# TASK TO COMPLETE
The answer is to consist only of an exact retyping of the lines from the one containing "Cet itinéraire propose" to the end of the entries, without pictures.

# RECORDS TO PROCESS

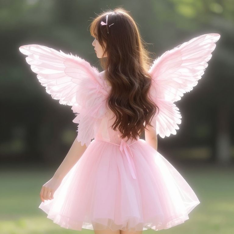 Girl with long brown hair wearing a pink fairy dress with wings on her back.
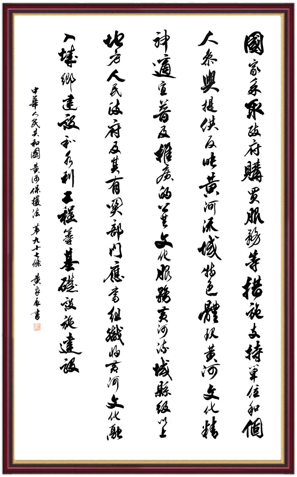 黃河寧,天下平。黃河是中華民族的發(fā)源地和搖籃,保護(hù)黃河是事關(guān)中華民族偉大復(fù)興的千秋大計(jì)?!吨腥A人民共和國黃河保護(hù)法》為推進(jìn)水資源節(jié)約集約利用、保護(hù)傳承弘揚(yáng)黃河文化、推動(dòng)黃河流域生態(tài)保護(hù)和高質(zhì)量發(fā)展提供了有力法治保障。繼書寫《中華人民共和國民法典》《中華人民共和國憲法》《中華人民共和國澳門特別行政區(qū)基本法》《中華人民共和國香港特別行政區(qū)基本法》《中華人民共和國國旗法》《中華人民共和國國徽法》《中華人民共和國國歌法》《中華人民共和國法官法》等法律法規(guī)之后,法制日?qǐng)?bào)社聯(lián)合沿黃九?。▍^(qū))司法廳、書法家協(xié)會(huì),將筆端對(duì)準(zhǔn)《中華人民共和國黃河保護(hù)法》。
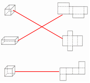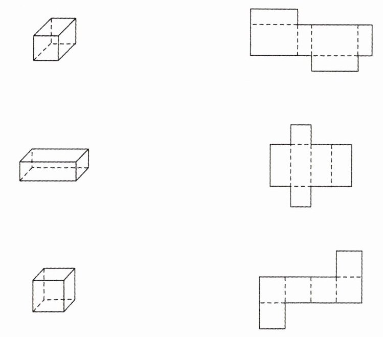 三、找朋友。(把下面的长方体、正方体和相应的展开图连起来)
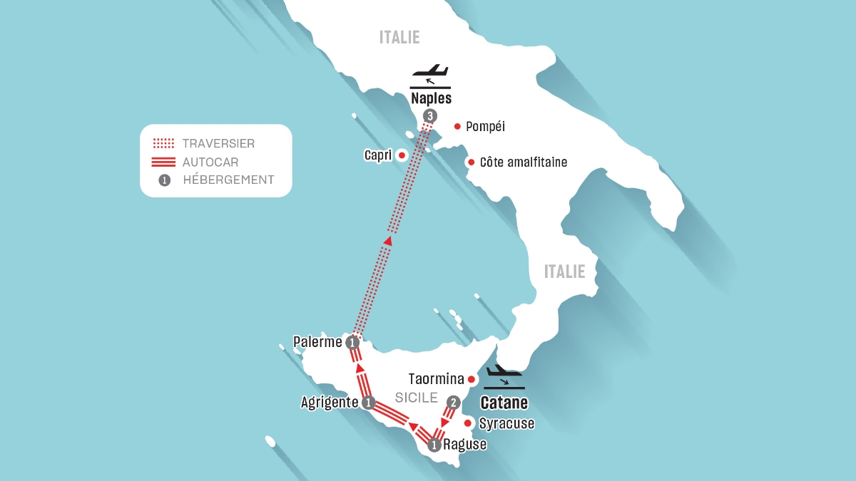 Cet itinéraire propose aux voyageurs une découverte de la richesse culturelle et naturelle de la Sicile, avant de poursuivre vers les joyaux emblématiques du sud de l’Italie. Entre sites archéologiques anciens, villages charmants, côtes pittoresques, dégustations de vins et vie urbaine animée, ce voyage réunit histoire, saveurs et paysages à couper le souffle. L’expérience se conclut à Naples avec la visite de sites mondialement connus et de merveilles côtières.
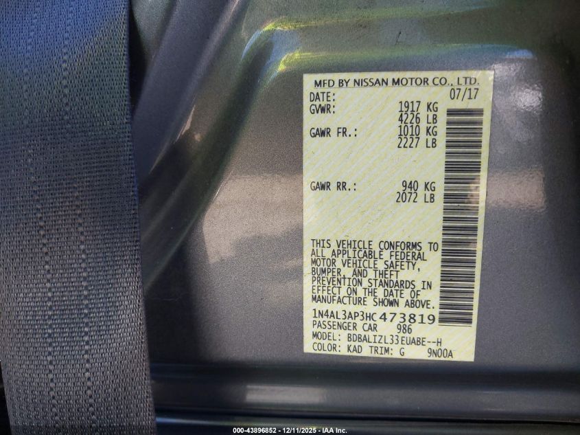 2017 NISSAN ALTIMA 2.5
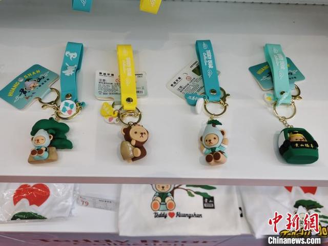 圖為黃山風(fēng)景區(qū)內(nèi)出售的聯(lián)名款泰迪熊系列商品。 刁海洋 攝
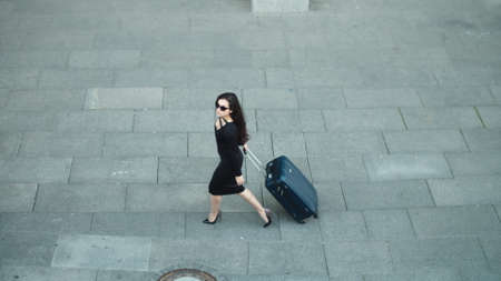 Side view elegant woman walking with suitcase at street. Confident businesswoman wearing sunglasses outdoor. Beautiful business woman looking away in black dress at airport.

# ANSWER BELOW
 Cet itinéraire propose aux voyageurs une découverte de la richesse culturelle et naturelle de la Sicile, avant de poursuivre vers les joyaux emblématiques du sud de l’Italie. Entre sites archéologiques anciens, villages charmants, côtes pittoresques, dégustations de vins et vie urbaine animée, ce voyage réunit histoire, saveurs et paysages à couper le souffle. L’expérience se conclut à Naples avec la visite de sites mondialement connus et de merveilles côtières.
 2017 NISSAN ALTIMA 2.5
 圖為黃山風(fēng)景區(qū)內(nèi)出售的聯(lián)名款泰迪熊系列商品。 刁海洋 攝
 Side view elegant woman walking with suitcase at street. Confident businesswoman wearing sunglasses outdoor. Beautiful business woman looking away in black dress at airport.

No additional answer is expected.